A man and a woman who served four years for a 1990 strangling were released from prison Monday, three weeks after the “Happy Face Killer” was convicted of the crime.

“There’s no longer any doubt that these two individuals are innocent. The evidence is compelling,” Circuit Judge Paul Lipscomb said.

Laverne Pavlinac, 62, and her former boyfriend, John Sosnovske, 42, went free two months after Keith Hunter Jesperson confessed to the strangling of Taunja Bennett. He was convicted of the murder on Nov. 2.

Jesperson, a former Spokane County resident, was nicknamed the Happy Face Killer for the smiley faces he drew on letters claiming responsibility for eight murders.

“I’m happy to be with my family and my grandchildren,” Pavlinac said after her release. “I’m real, real sorry that this whole thing happened.”

Pavlinac had told police she helped her boyfriend kill Bennett and dispose of her body. But at her trial, Pavlinac recanted, saying that she had lied in an attempt to escape her abusive relationship with Sosnovske.

She was convicted anyway and sentenced to life in prison after jurors heard her taped confession. Sosnovske pleaded no contest to murder to avoid the death penalty and also got life.

Jesperson began a letter-writing campaign to news outlets after his arrest earlier this year, claiming responsibility for the slaying. Jesperson said the couple should be freed.

Prosecutors joined the effort to free Pavlinac and Sosnovske after Jesperson led authorities to the victim’s purse.

But the confession alone wasn’t enough to convince Lipscomb to release Pavlinac and Sosnovske. Last month, days before Jesperson’s conviction, the judge said Jesperson’s involvement didn’t necessarily absolve Pavlinac and Sosnovske.

On Monday, the judge finally set aside Sosnovske’s conviction, saying his civil rights had been violated because of Pavlinac’s lies. The judge berated Pavlinac for concocting the story and refused to set aside her conviction.

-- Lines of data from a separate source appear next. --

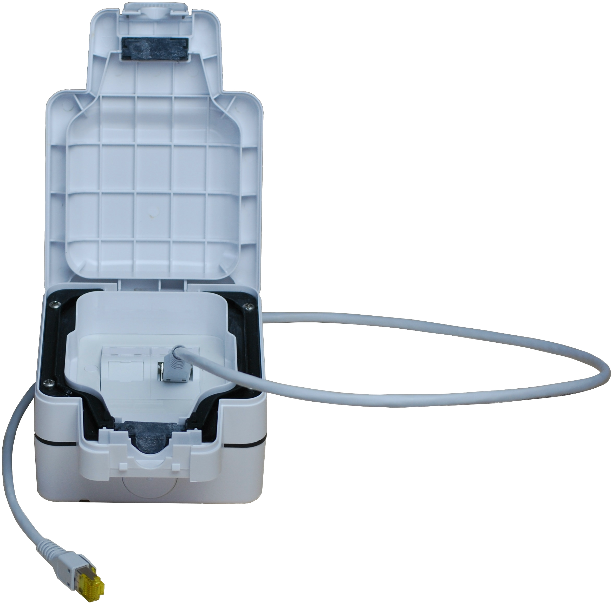 Die iv.sys IP66 Doppeldatendose mit Modultechnik Kat.6A. Die mitgelieferten Module sind Spezialwerkzeugfrei anschließbar für AWG27-AWG22 Kabel. Verwendung von Standard RJ45 Anschlusskabeln ohne Spezialstecker. Das Gehäuse ist Staub und Wasserdicht durch eingelegte Dichtungen im Gehäuse.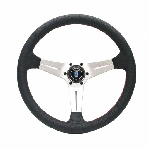 Nardi Deep Corn Steering Wheel, Black Perforated Leather, Satin Spokes, Red Stitching, 60 mm Dish, Ø35 cm Specifications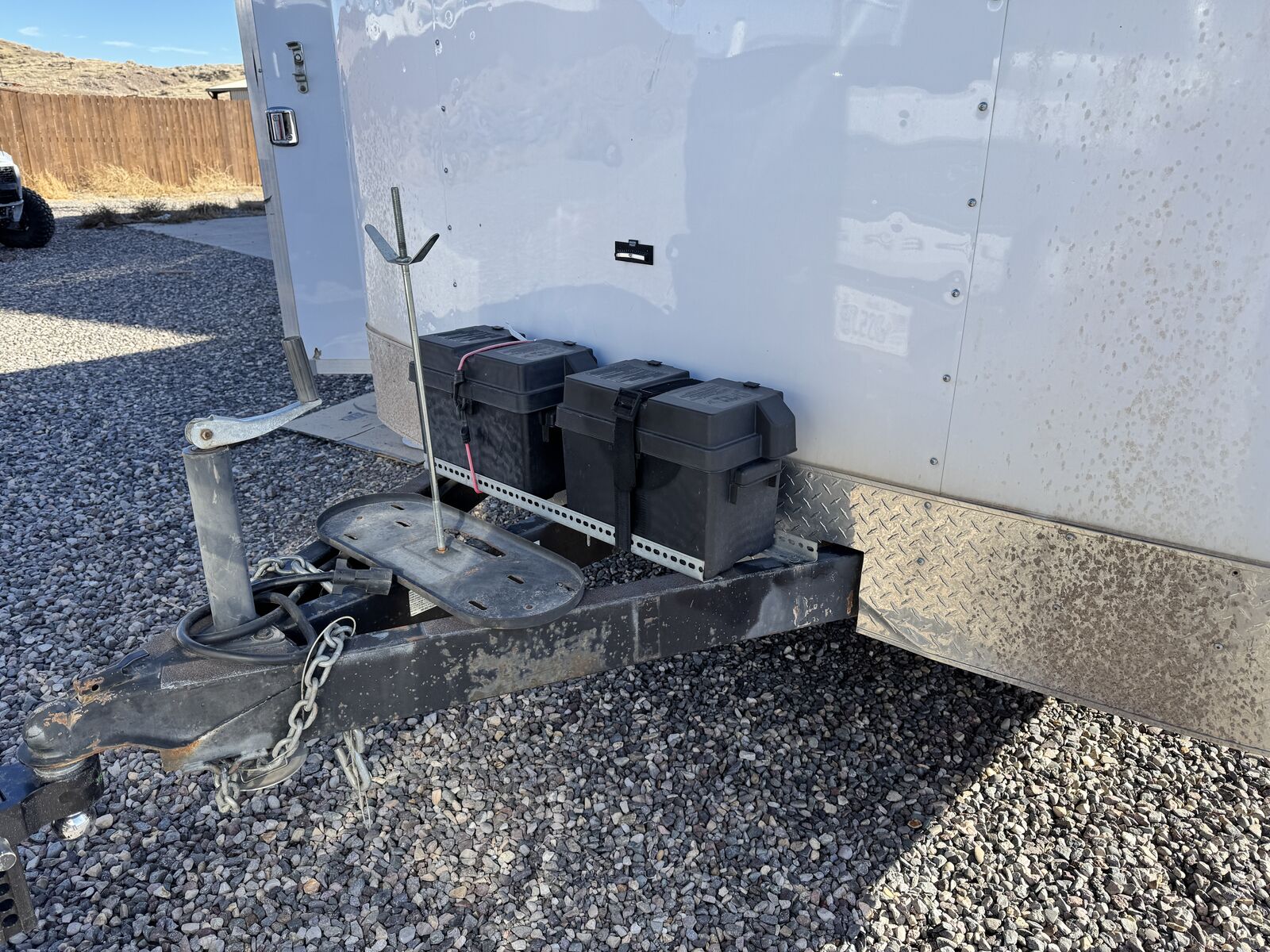 Exterior: · Propane tank mount installed on the tongue · Battery boxes mounted on the tongue · Battery wiring run into the trailer for easy power setup · Clean, solid structure and ready to tow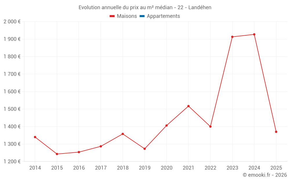 Le prix médian sur les 23 transactions de maisons des 24 derniers mois dans la commune de Landéhen était de 1 932 € par mètre carré pour une valeur foncière médiane de 205 660 €. Sur cette période 60% des transactions se sont situées entre 1 624 et 2 357 € par mètre carré (du 2ème au 8ème déciles).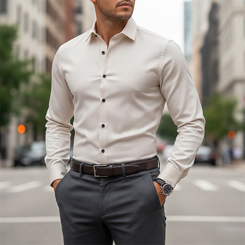 Men's Dress Shirt Button Up Shirt Plain Work Wedding Black White Light Green Pink Long Sleeve Turndown All Seasons Clothing Apparel Basic
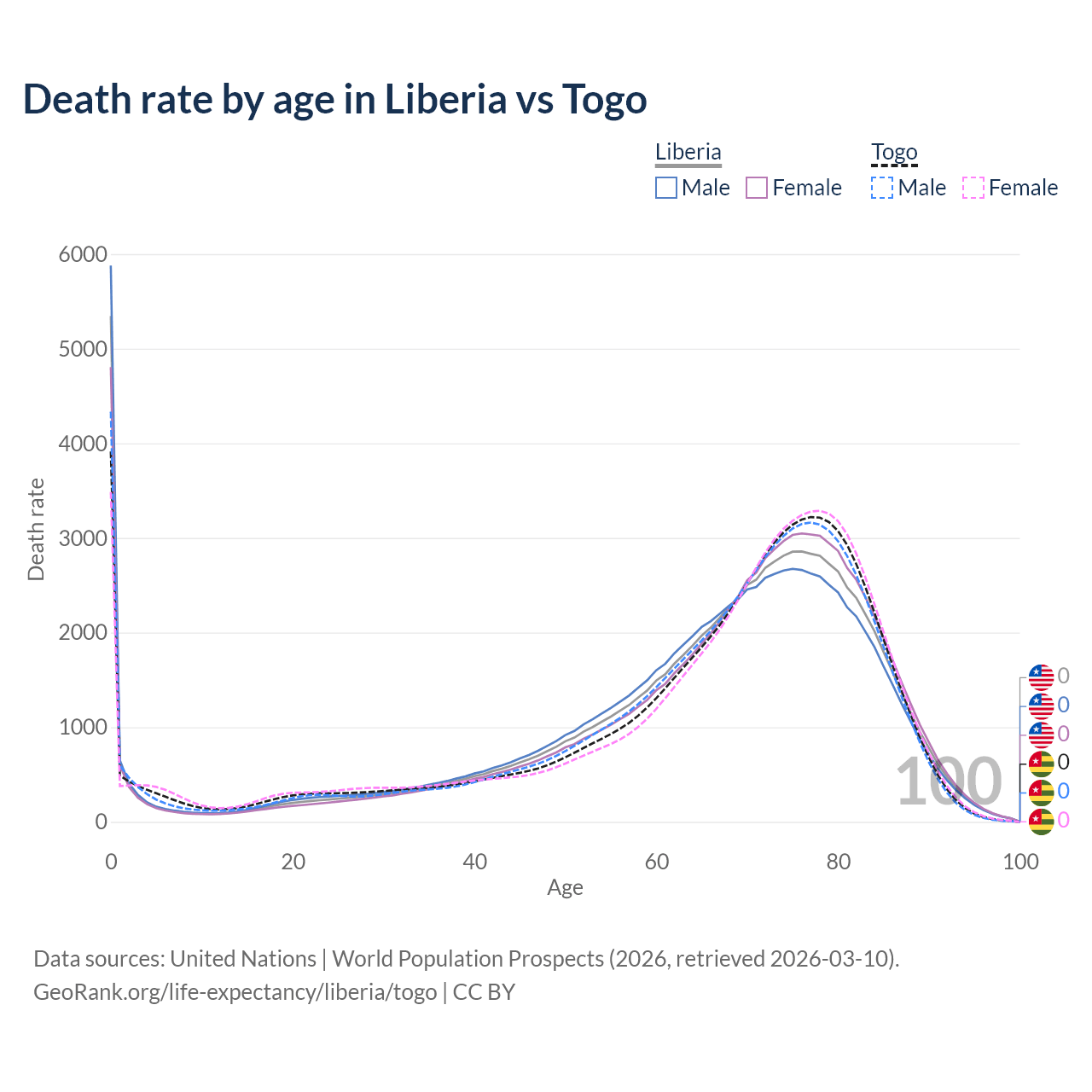 In Liberia, the most common age of death is 0, compared to 0 in Togo. The median age of death is 69.6 in Liberia and 71 in Togo, meaning only half of each cohort is expected to live past that age.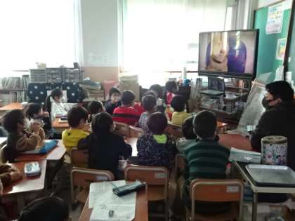 図工では紙版画に挑戦です。友だちと出来上がっていく作品を見合ってアドバイスをしながら,作業を進めていました。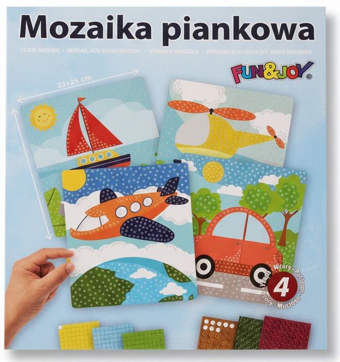 MOZAIKI PIANKOWE W KARTONIKU 4 WZORY: SAMOCHÓD, SAMOLOT, HELIKOPTEER, ŁÓD¬, WYMIARY: 23x25 cm FUNxJOY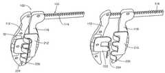 As also shown in the drawings, thesecond lip152 of thesled member140 is a semicircular or oblong shaped member that is disposed in the bottom of the sled member140 a distance back from the front edge lip to selectively engage the recessed side of any of the step surfaces122a-cof the retractor. Thesecond lip152 also is generally configured so the insideinterior surface151 of thesled member140 extends arcuately across and lies upon the top surface of theretractor102 between a front edge surface120a-cand the associated step surface122a-cof the retractor. Thesecond lip152 is slidably mounted on the bottom side of thesled member140 and is movable in response to rotation of theactuator lever154 to form an acute step surface engaging angle between the sledsecond lip152 and the insideinterior surface151 to securely retain the selected step surface120a,120bor120ctherein.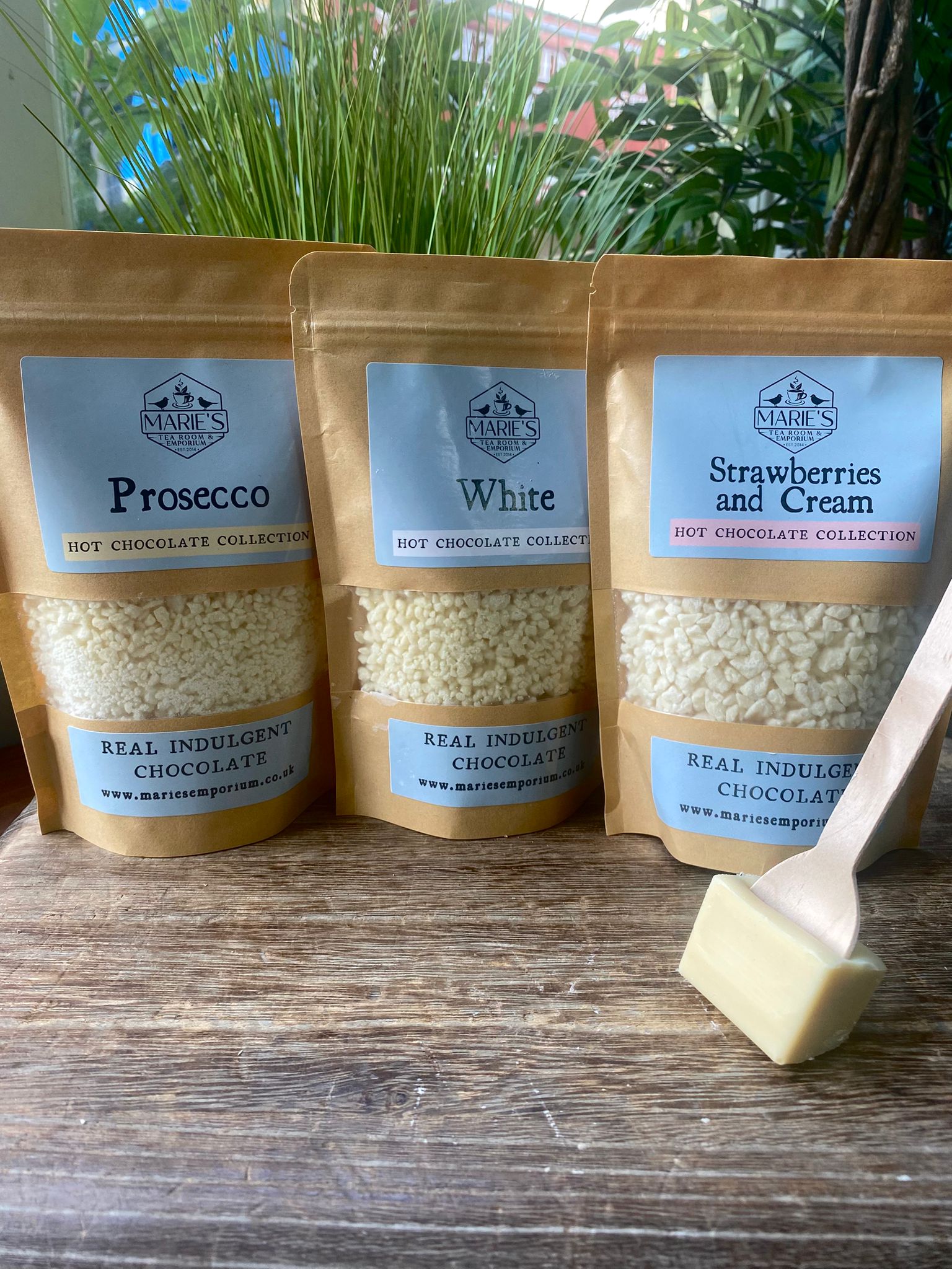 Introducing the White Chocolate Bliss Box, your ultimate indulgence for a luxurious chocolate experience. This beautifully curated box features three exquisite choices of rich white hot chocolate blends, each promising a unique and decadent taste sensation. Flavours include White, Strawberries & Cream, and Prosecco.

But Lipscomb released Pavlinac anyway, saying a prison term for a crime she did not commit would be cruel and unusual punishment.

The judge said Pavlinac violated Sosnovske’s constitutional rights when she had police wire her for sound, then attempted to coax incriminating statements from him.

“By preying on his known weakness and propensity for alcoholic blackouts, she attempted to convince him that he had killed Ms. Bennett in an alcoholic fog and that she had helped him ditch the body,” Lipscomb said.

Pavlinac had told police in detail how she held the rope around Bennett’s neck as Sosnovske raped Bennett. She said she then helped Bennett dispose of the body.

In court Monday, Pavlinac stood in wrist and ankle shackles and apologized to her former boyfriend.

“I can’t undo what I did, but I’m very sorry,” she said.

Asked if he had a statement, Sosnovske said: “I didn’t murder anybody in 1990.”

Jesperson, an interstate trucker, claims to have slain eight women in five states. He is serving a life sentence for Bennett’s slaying.